Milkweed bugs

DSCN1681

Milkweed bugs (actually, nymphs of various stages) feeding on milkweed pods.

If you grow milkweed (Asclepias species), you will also grow milkweed aphids, milkweed bugs, milkweed beetles, and, if you’re lucky, monarch butterflies. The past few years I’ve been much more likely to see the aphids and the bugs than the butterflies, but they’re all good.

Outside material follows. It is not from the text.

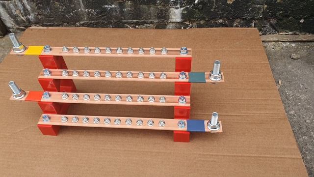 RC19 БШ4-3.25-11 Блок медных шин 3х25 мм 4 полюса по 11 присоединений, ширина 395 мм, 400 А Предназначен для установки в низковольтных комплектных устройствах (НКУ) и служит для распределения переменного трёхфазного тока. Ширина: 395 мм. Материал шин: медь. Номинальный ток: 400 А. Кол-во присоединений: 11 (М5 - 4 шт.; М6 - 5 шт.; М8 - 1 шт.; М12 - 1 шт.). Сечение шины: 3×25 мм. Раздел на сайте: https://anbik.ru/setevye-skafy/rubric-186/

All milkweeds contain cardiac glycosides, poisonous chemicals that are deadly to most creatures. All the insects that feed on milkweeds are able to do so without being poisoned because they can digest these deadly substances. Evolution is a game of one-upmanship. Asclepias plants evolve a poison that insects can’t eat, so insects evolve a way to metabolize that poison. Those protected insects benefit: they themselves become poisonous to predators. They flaunt this advantage with bright red or orange colors so their prey recognizes their defense mechanism and leaves them alone.Then other insects evolve similar coloration, but without the defense mechanism–they’re free-loading on evolution. It’s all really, really cool.

Reliably in late summer or early fall, some of the many milkweed plants in my garden are infested with milkweed aphids and bugs. The adult bugs are a little less than an inch long and very handsome. Here’s a picture:

Large Milkweed Bug, Oncopeltus fasciatus

Large Milkweed Bug, Oncopeltus fasciatus (R. Bessin, 2001)

Typically you see the adults mating on the milkweed pods, and about three weeks later you see a scene like the one at the top of this post: lots and lots of nymphs all over the pods. They have piercing mouth parts, which they use to feed on the seeds within the pods. They destroy the pods they feed on, meaning that perhaps 10 percent of the seed in my garden is lost. There’s still plenty to collect, and the bugs don’t harm the plants in the slightest. And they’re so very, very cool looking!